Rodney lives with his Mom and younger brother in an abandoned house. Dude's whole family sells drugs and he sort of floats from house to house with various drug dealing friends. Bergmann describes both neighborhoods as "almost post-apocalyptic at first blush. They are so, at this point, bereft of any structure."
Over time, Bergmann becomes really close to Dude and Rodney and so through Bergmann we get sort of an eye-witness account of what goes on in their worlds. We watch Rodney and Dude sling drugs on the corner, we see them eat dinner with their families, we see them get in fights, make mistakes, run from the cops, hide. And sometimes we see them scared.

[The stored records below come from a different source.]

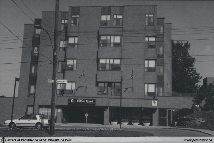 The Reverend Patrick Dowd, an Irishman from County Louth and a member of the Order of Sulpice was appointed as pastor of St. Patrick’s Parish in Montreal in 1859. In 1865, he established a refuge for the aged and infirm, naming it St. Brigid’s Home and committed it to the care of the Grey Nuns. After his death in 1891, the parish honoured his memory by renaming St. Brigid’s Home, the Father Dowd Memorial Home. In September 1944, the Sisters of Providence took over the administration and operation of the Father Dowd Memorial Home from the Grey Nuns. Ten Sisters of Providence arrived from Kingston to care for the 121 residents. The Sisters of Providence withdrew from the Father Dowd memorial Home in 1992. A total of 73 Sisters of Providence served at the Father Dowd Memorial Home between 1944 and 1992.
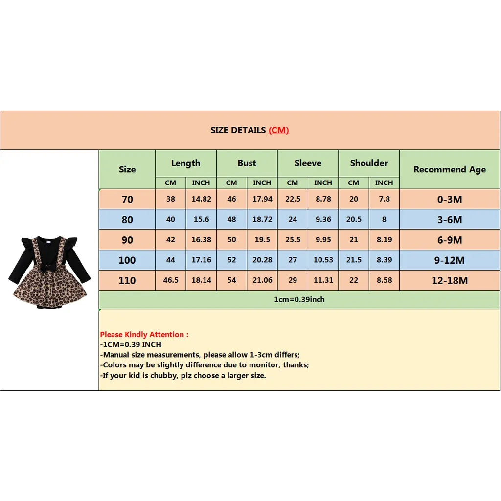 Dress your newborn to 18-month-old baby girl adorably with our Leopard Print Romper Dress. This charming piece combines comfort, style, and a hint of playfulness, making it the perfect choice for the spring and autumn seasons.
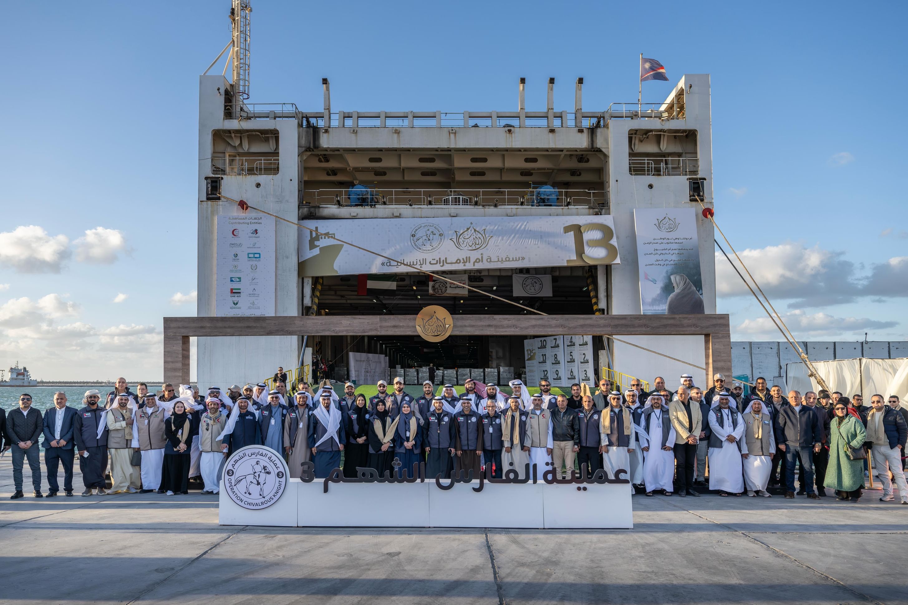 وتُعدّ "سفينة أم الإمارات الإنسانية" السفينة رقم (13) التي تُسيّرها دولة الإمارات ضمن الجسر البحري الإنساني المتواصل لدعم الأشقاء الفلسطينيين في قطاع غزة، تأكيداً على نهج دولة الإمارات الثابت في مدّ يد العون والإغاثة للشعوب المتضررة.
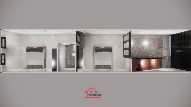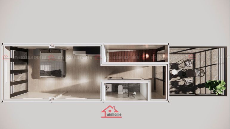 LƯU Ý: Nhà Di động Winhome đã hoàn thiện bao gồm toàn bộ Vách – Nền – Trần. Khách hàng cần chuẩn bị đầu chờ điện nước, bể phốt (hầm thoát WC) để kết nối với hệ thống ống chờ sẵn của cô ng trình.

"I see it as neither a positive nor negative portrayal. What I was wanting to do, particularly around questions of morality and ethics, I was wanting to leave those questions very open really to see that the moral conundrums aren't simple. That there aren't simple answers to the questions that life presents them with every day."
Bergmann says, if Detroit's policy makers take that into account when they're ready to build a new Detroit, it could make a difference in the lives of young people like Dude and Rodney.